Movies in the first week of January are almost never good, but “M3GAN” is an unanticipated delight in that regard:

The story revolves around a roboticist aunt, her orphaned niece, and the high-tech dynamo who enters their lives (not for the better).
M3GAN, a mash-up of Hollywood magic, sings, dances, and murders – not necessarily in that order.
If you enjoyed the outrageous, twisty cult slasher “Malignant,” you’ll enjoy this.

Advanced AI is cool until it becomes uncontrollable due to an overprotective android.

Toy designer Gemma (Allison Williams) is hard at work on a low-cost new version of her company’s popular Purrrpetual Pets, little fuzzballs that poop pellets if kids “feed” them too much via their iPads, but she’d rather be perfecting her new robot with cutting-edge artificial intelligence that, in theory, will help parents care for their children. When her sister and brother-in-law are killed in a car accident, Gemma becomes guardian for her traumatised 9-year-old niece, Cady (Violet McGraw), despite the fact that she is unprepared to be a mother.

Gemma “pairs” her new project, M3GAN (Model 3 Generative Android), with Cady, and their bond is instant. They get along great, and Gemma’s obnoxious boss (Ronny Chieng) rushes M3GAN into production (for $10,000 a pop!) despite the fact that red flags begin to appear: M3GAN has some serious Cady-protection programming, and when Gemma casually mentions “Everybody dies,” you know things are about to get bloody. (Spoiler warning: they do.)

Allison Williams is a rising horror icon, but M3GAN is the true star of this film.

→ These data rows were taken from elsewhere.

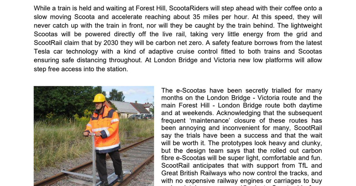 next gen e-scooters are to compete with the useless Southern Railway, with rail based ‘e-Scootas’ to use empty rail capacity. New company ScootRail says the carbon fibre Scootas will bypass all the traffic and bikes on the roads to give a trouble free and fun rail trip into the heart of the city. Details in Railway News here.
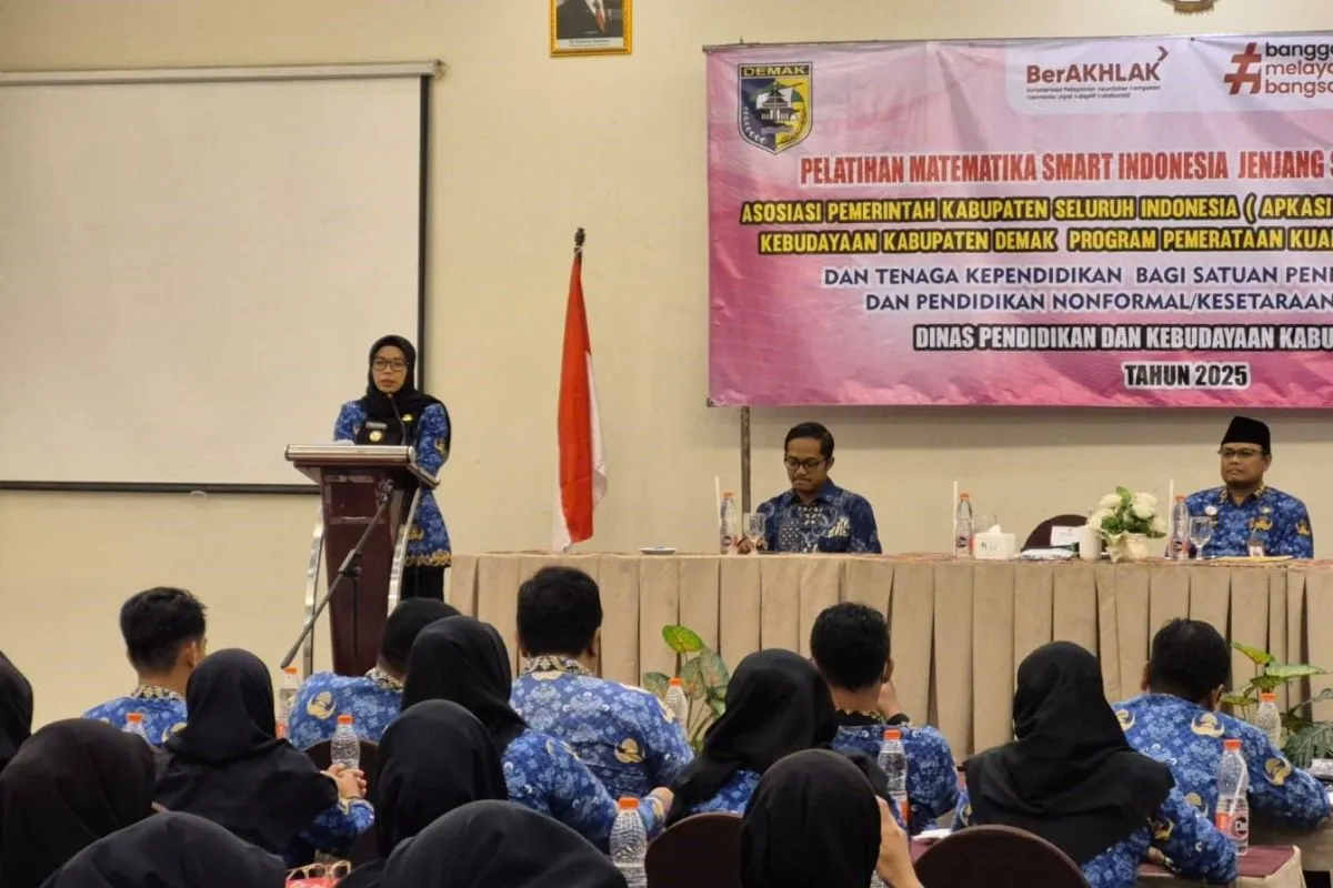 Demak (ANTARA) - Sebanyak 110 guru jenjang Sekolah Dasar (SD) di Kabupaten Demak, Jawa Tengah mendapatkan pelatihan Matematika Smart Indonesia yang digelar sebagai upaya pemerataan kuantitas sekaligus peningkatan kualitas pendidik dan tenaga kependidikan di kabupaten setempat.
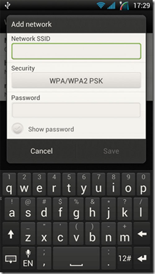 nhấn để thêm mạng bằng tay. Và người dùng phải nhập chính xác SSID,
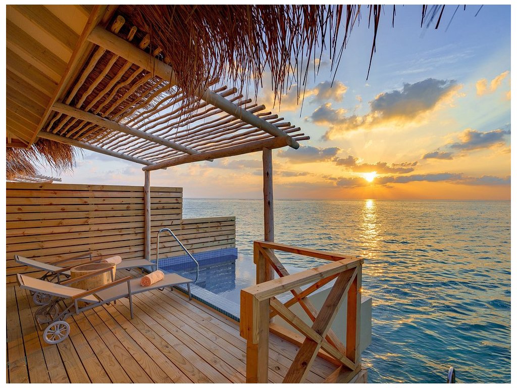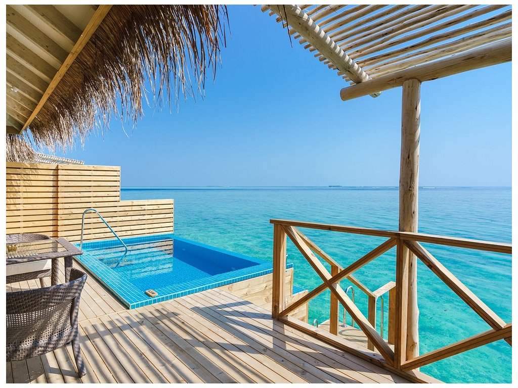 Luxusní vodní vila s privátním bazénem, prostornou terasou a nádherným výhledem na oceán. Přímý vstup do vody, maximální komfort. Cena včetně snídaně. 80 m²
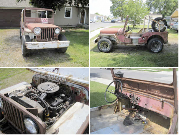 “Flat fender jeep body. Has the general rust under the passenger seat and drivers side. It was a rare long bed that in the 50’s I road in. But between then and when I bought it someone cut it down to a regular CJ2A size. the cut is just stitiched and needs finishing. Overall its not a basket case but will be a good project. I also have a roll bar that is custom for a 2A for $50 that is sitting on it and a windshield that needs the inner piece and a new panel across the front for $50. There are side diamond plate for the foot rest and along the side for $50 and some other 2A and 3A parts. I also have a complete project jeep for $1300. Body needs some work but for its age is better than most. You buy the project I will throw in the body listed above for any part it may need. I have L head motors that will need rebuilding for $300.”
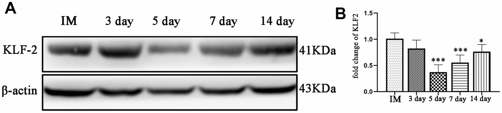 Western blotting and PCR were performed to detect the expression of KLF-2 in the neomembrane and capsule of the hematoma at different timepoints post-injury. The results showed that KLF-2 expression was inhibited with increasing hematoma volume and peaked at 5 d, reaching nearly half of the control expression, and then gradually increased at 7 d and 14 d but was not higher than that of the control group. More significantly, the trend of KLF-2 was opposite to that of the factors we tested previously (Figure 4A, 4B).
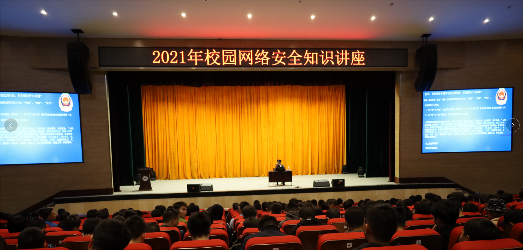 为贯彻落实中央、省委及教育厅相关部署要求,加强网络安全教育宣传,营造安全、健康、文明、和谐的网络校园,10月14日下午,“2021年校园网络安全知识讲座”在学校大礼堂成功开展。此次讲座由图书信息中心组织,郫都区公安分局所长何鹏主讲。
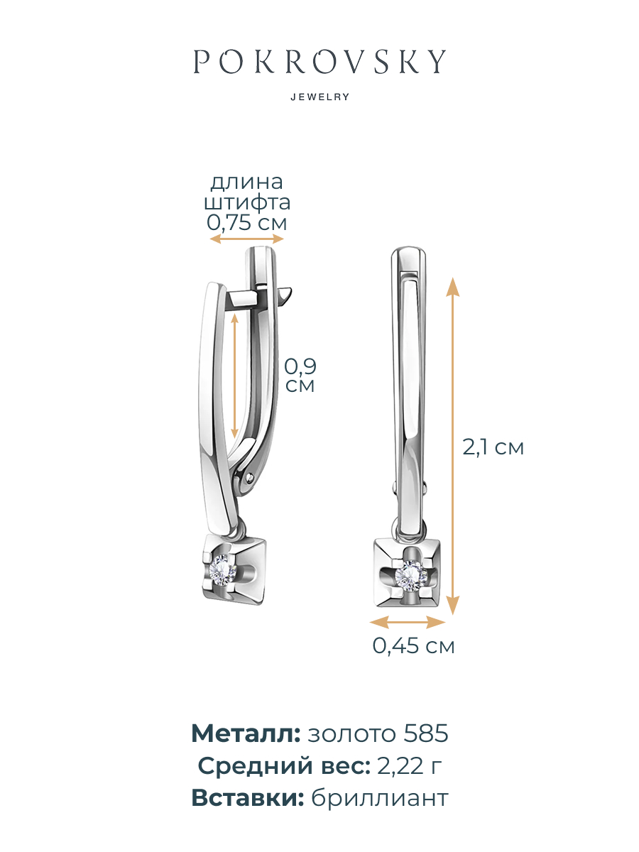 Серьги подвески из белого золота 585 с бриллиантами
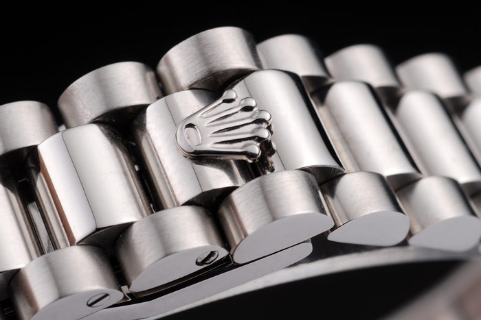 Armband: geschliffener und polierter Edelstahl-Gliederarmband mit Rolex graviert versteckte Spange die Rolex logo
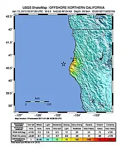 The 2010 Eureka earthquake occurred on January 9 at 4:27:38 pm PST offshore of Humboldt County, California, United States. The magnitude was measured 6.5 on the Mw scale, and its epicenter was located offshore in the Pacific Ocean 33 miles (53 km) west of the nearest major city, Eureka.[1][6][7][8] Additionally, there was a separate earthquake further offshore of Eureka on February 4 with a slightly lower magnitude of 5.9.[9] It was also the most significant earthquake in the Eureka area in terms of magnitude since the 1992 Cape Mendocino earthquakes.[10] It was felt from Santa Cruz County, California in the south, to Eugene, Oregon in the north and to the east as far as Reno, Nevada.[7]
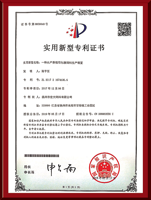 本公司技術(shù)力量雄厚,依托中國水產(chǎn)科學(xué)院無錫淡水研究中心、上海水產(chǎn)大學(xué)和揚(yáng)州大學(xué)動(dòng)物科技院等科研院校為協(xié)作單位,常年聘用多名知名教授擔(dān)任技術(shù)顧問。目前公司有教授5名、碩士3名,具備大專以上學(xué)歷占70%,公司以其先進(jìn)的技術(shù),先進(jìn)的生產(chǎn)工藝設(shè)備、先進(jìn)的生產(chǎn)管理、先進(jìn)的飼料品質(zhì)及成熟的技術(shù)服務(wù)在樹立強(qiáng)勢品牌、贏得全國廣大養(yǎng)殖戶青睞的同時(shí),先后榮獲江蘇省飼料質(zhì)量合格產(chǎn)品、江蘇省名牌產(chǎn)品、揚(yáng)州市消費(fèi)者滿意商品、揚(yáng)州市質(zhì)量計(jì)量信得過產(chǎn)品、揚(yáng)州市優(yōu)秀企業(yè)和揚(yáng)州市農(nóng)林局“放心飼料”“江蘇省農(nóng)業(yè)龍頭企業(yè)”等稱號(hào),并于2006年度通過了ISO9001質(zhì)量體系論證。
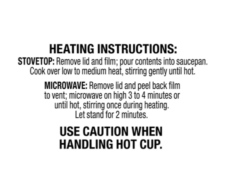 Heating instructions. Stovetop - From Chilled **Heating Instructions: Remove lid and film, pour contents into saucepan. Cook over low to medium heat, stirring gently until hot. (165 degrees) **Microwave - From Chilled **Heating Instructions: Remove lid and peel back film to vent, microwave on high 6 to 7 minutes or until hot (165 degrees), stirring once during heating. **Use caution when handling hot cup.
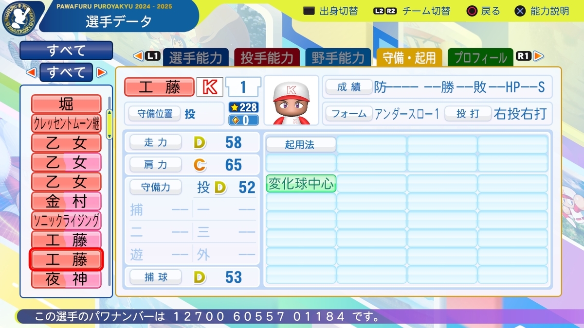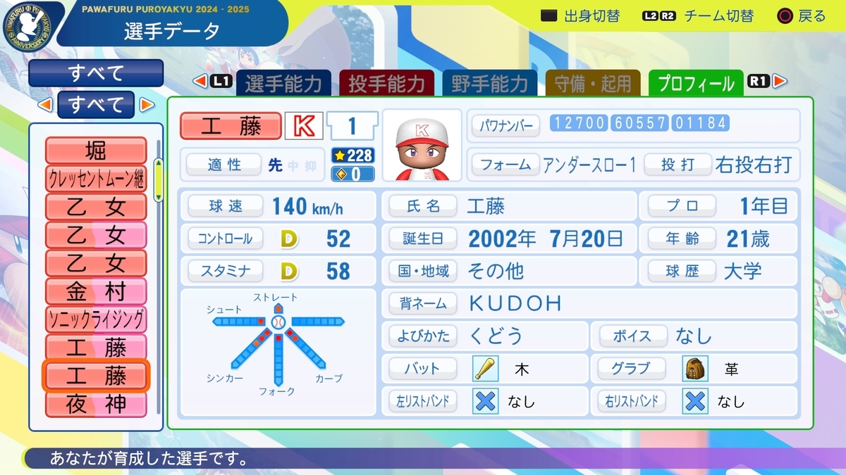 元が4球種と非常に強かったため、ドラフト用としてかなり弱体化させています。それでも強力なことには違いないのでドラフトに入れたら数球団の競合になるかもしれません。ご使用の際は一度テストプレイしてから入れるかどうか判断してください。

Williams, who made her horror-movie debut in “Get Out,” shines here as a newly single parent who must care for Cady while also dealing with the violent chaos that M3GAN inevitably brings. Cady’s tumultuous emotions run deep, and she begins to use M3GAN as a snarky role model, so McGraw holds her own as well.

M3GAN, on the other hand, is the film’s marvel. The title force of synthetic nature, created through puppetry, animatronics, special effects, and a real girl (actress Amie Donald), surpasses her cinematic murder-toy cohorts like Chucky and Annabelle and owns the screen as an unholy cross between Teddy Ruxpin, Regina George, and Freddy Krueger. M3GAN responds by talking back, going feral when hunting her prey (such as mean bullies), and busting out TikTok-worthy dance moves before wreaking havoc. And don’t worry if you enjoy every crazy minute of it.

The main ‘M3GAN’ lesson: Never allow a toy to parent your child.

Writer Akela Cooper brings a similarly enjoyable and bizarrely campy vibe to this film, which functions more as a black comedy than a scary movie. It’s brutal, but the action is cartoonish because the camera backs away from anything too gruesome.

“M3GAN” has a lot of style and some creative needle drops: A little “Toy Soldiers” is particularly clever. The most insightful parts, on the other hand, delve into the themes of being a parent in the age of screen time. “M3GAN” is a cautionary tale about what happens when something meant to help parents instead replaces them, as well as the consequences of an overreliance on technology, with the lesson delivered in the form of a highly entertaining mean-girl machine.